The communication section 61 includes a variety of communication devices. The communication scheme of the communication section 61 is not specifically restricted, and both wireless communication and wired communication can be used. Also, the communication section 61 may support a plurality of communication schemes. The communication section 61 communicates with the client 11 via the network 13 for exchange of various data. The communication section 61 supplies, to the control section 62, data received from the client 11 and causes the data to be stored in the storage section 63.

The control section 62 includes, for example, a variety of processors and so on.

The voice recognition section 71 performs voice recognition of the input voice received from the client 11.

The learning section 72 generates a history of execution of each user's voice recognition (hereinafter referred to as voice recognition history) and causes the data to be stored in the storage section 63. Also, the learning section 72 learns, for example, to optimize a voice recognition process by the voice recognition section 71 on the basis of a voice recognition history of each user.

The storage section 63 stores programs, data and other information required for the server 12 to perform its processes.

It should be noted that the wording “via the network 13” in the case of communication between the client 11 (communication section 26) and the server 12 (communication section 61) via the network 13 will be hereinafter omitted. The wording “via the bus 29” in the case of data exchange by each section of the client 11 via the bus 29 will be hereinafter omitted. The wording “via the bus 64” in the case of data exchange by each section of the server 12 via the bus 64 will be hereinafter omitted.

<1-2. Processes Performed by the Information Processing System 10>

A description will be given next of the processes performed by the information processing system 10 with reference to FIGS. 2 to 18.

(Processes of the Client 11)

A description will be given first of the processes of the client 11 with reference to the flowchart illustrated in FIG. 2. It should be noted that these processes are initiated, for example, when the user inputs an instruction to perform voice recognition via the operation section 22.

In step S1, the related information acquisition section 43 initiates the acquisition of related information on the basis of voice data supplied from the voice input section 21, a user operation performed on the operation section 22, sensor data supplied from the sensor section 25, the program executed by the control section 27, and so on. Examples of related information will be cited below.

For example, related information includes one or more of voice recognition information regarding voice recognition result and so on, context information regarding context that uses voice recognition in the client 11, user information regarding the user using voice recognition, or system information regarding a system that inputs voice.

Voice recognition information includes, for example, one or more of phrase information including one or more of exclusion phrase, preceding phrase, or succeeding phrase, or the number of attempts of voice recognition.

An exclusion phrase is a phrase to be excluded from a voice recognition result, and a phrase determined to have been erroneously recognized in voice recognition performed earlier in the same session, for example, is set. Here, the term “same session” refers to a session from the beginning of voice recognition of a sentence to the end of voice recognition of the sentence due, for example, to finalization or suspension of the recognition result.
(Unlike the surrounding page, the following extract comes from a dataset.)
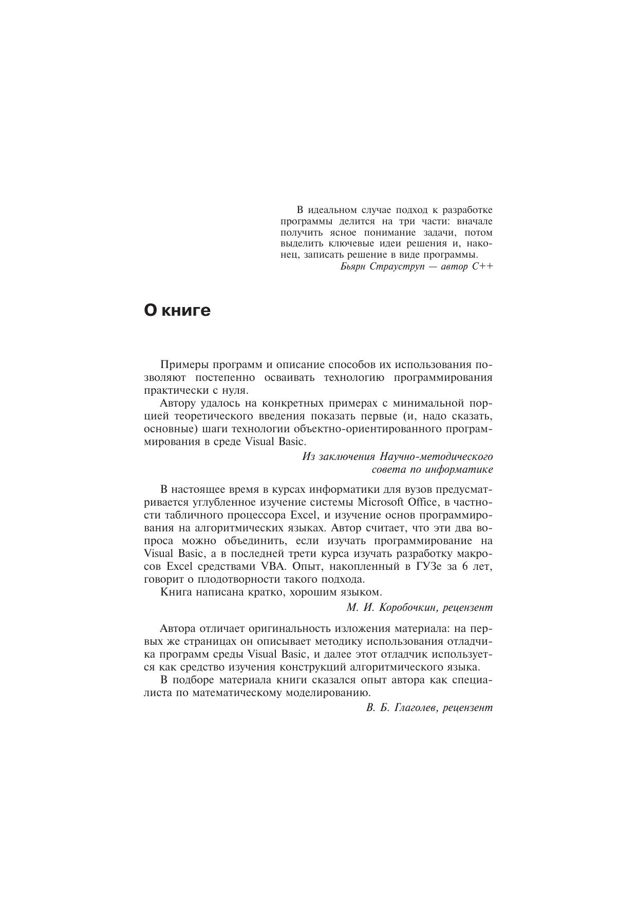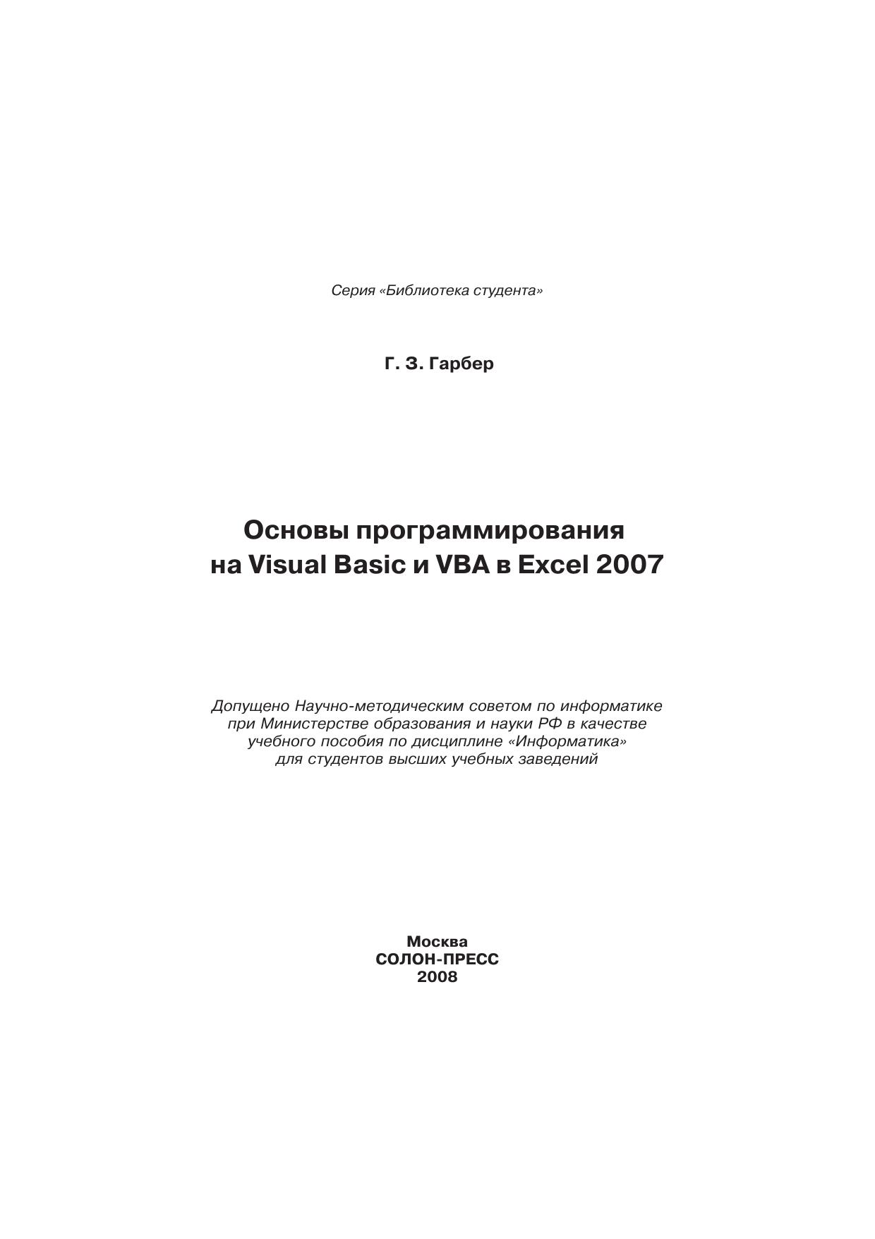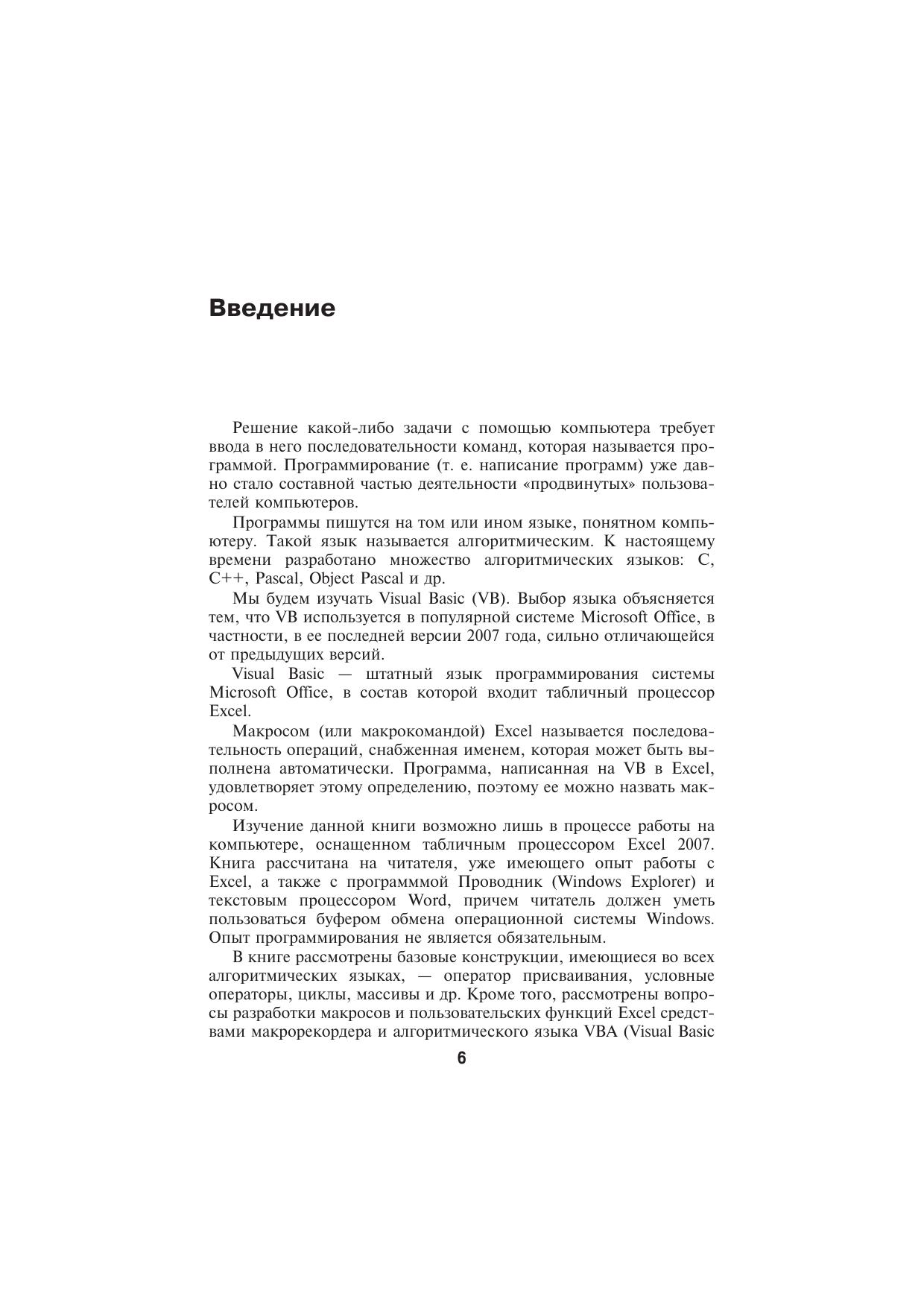 Рассматриваются основные элементы среды разработки программ, а также базовые конструкции алгоритмических языков Visual Basic и VBA (Visual Basic для приложений). В качестве пользовательского интерфейса программы (макроса) используются стандартные окна Windows, текстовые файлы, формы, таблица Excel. Рассматривается также вопрос разработки пользовательских функций Excel. Продемонстрированы приемы работы с отладчиком программ, справочными системами, макрорекордером и личной книгой макросов. Опыт программирования не является обязательным. Книга ориентирована на преподавателей информатики, студентов вузов и колледжей, а также на широкий круг читателей, имеющих желание научиться программировать в табличном процессоре Excel 2007 и тем самым существенно расширить круг решаемых задач.

A preceding phrase is a phrase inserted in a portion subject to correction in the case of correction of a sentence acquired as a voice recognition result (hereinafter referred to as a recognized sentence) and is a phrase previous to a phrase subject to voice recognition (hereinafter referred to as a recognition target phrase) (phrase preceding the portion subject to correction), and a succeeding phrase is a phrase following the recognition target phrase (phrase succeeding the portion subject to correction). It should be noted that each of the recognition target phrase, the preceding phrase, and the succeeding phrase may include a plurality of words. Also, a recognized sentence need not necessarily be a complete sentence and may be, for example, an arrangement of one or more words that are not included in a complete sentence. Alternatively, a recognized sentence may include two or more sentences.

The number of attempts of voice recognition refers to the number of times voice recognition has been attempted within the same voice recognition session.

It should be noted that the acquisition of voice recognition information is initiated after the acquisition of a voice recognition result in step S4 which will be described later.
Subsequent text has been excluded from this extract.